### Provided material
------------
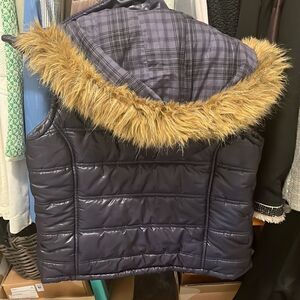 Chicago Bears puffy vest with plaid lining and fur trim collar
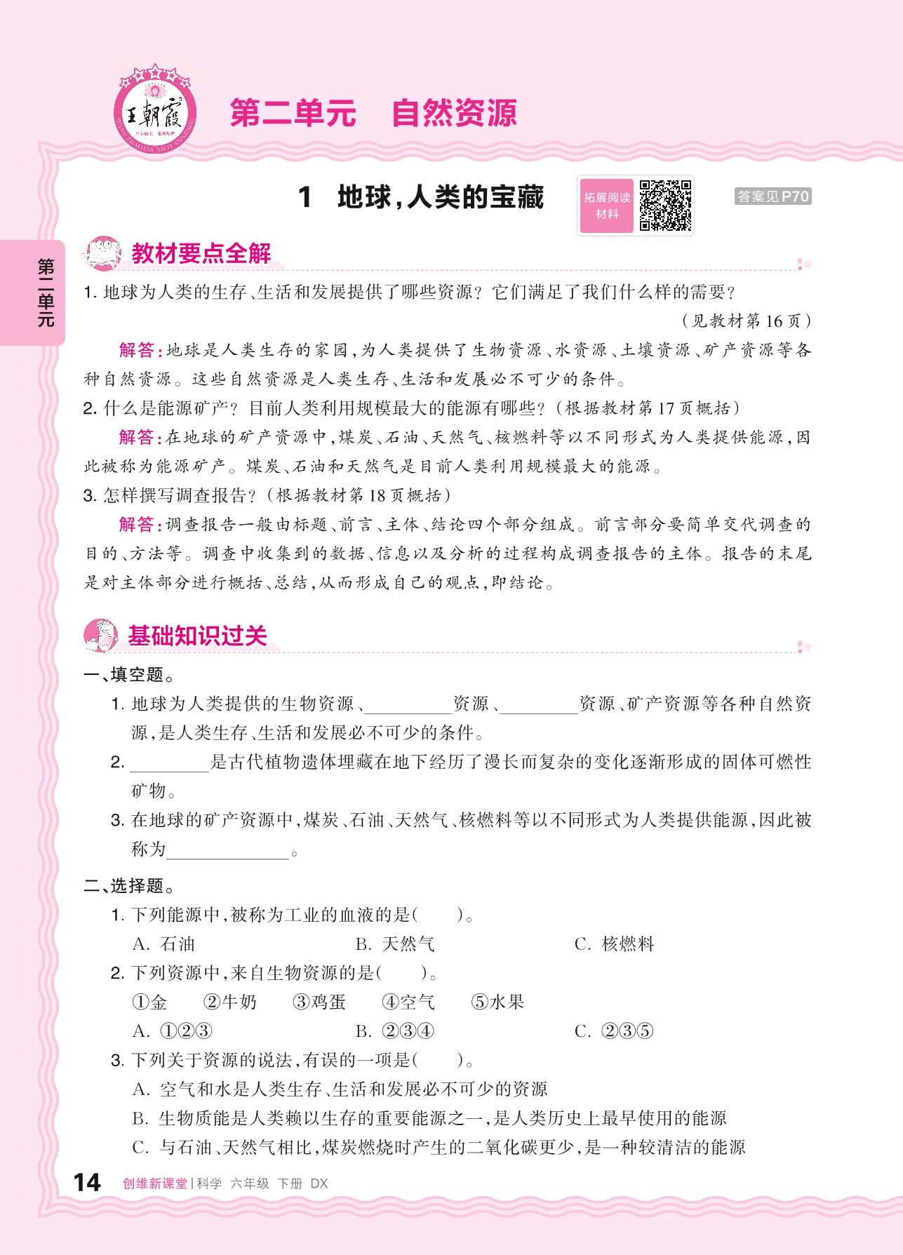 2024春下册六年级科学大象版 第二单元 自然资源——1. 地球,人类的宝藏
------------
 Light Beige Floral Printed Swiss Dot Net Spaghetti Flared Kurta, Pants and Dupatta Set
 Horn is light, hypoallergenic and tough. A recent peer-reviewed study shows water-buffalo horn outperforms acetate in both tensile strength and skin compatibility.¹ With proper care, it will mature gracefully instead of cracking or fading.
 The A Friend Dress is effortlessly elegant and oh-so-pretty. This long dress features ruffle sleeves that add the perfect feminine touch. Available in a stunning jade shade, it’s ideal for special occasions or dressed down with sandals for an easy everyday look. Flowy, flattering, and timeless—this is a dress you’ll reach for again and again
------------
### What is needed
Give again exactly, and only, the lines above starting at the one with "Light Beige Floral" and ending at the one with "Horn is light, hypoallergenic".

### Result below
 Light Beige Floral Printed Swiss Dot Net Spaghetti Flared Kurta, Pants and Dupatta Set
 Horn is light, hypoallergenic and tough. A recent peer-reviewed study shows water-buffalo horn outperforms acetate in both tensile strength and skin compatibility.¹ With proper care, it will mature gracefully instead of cracking or fading.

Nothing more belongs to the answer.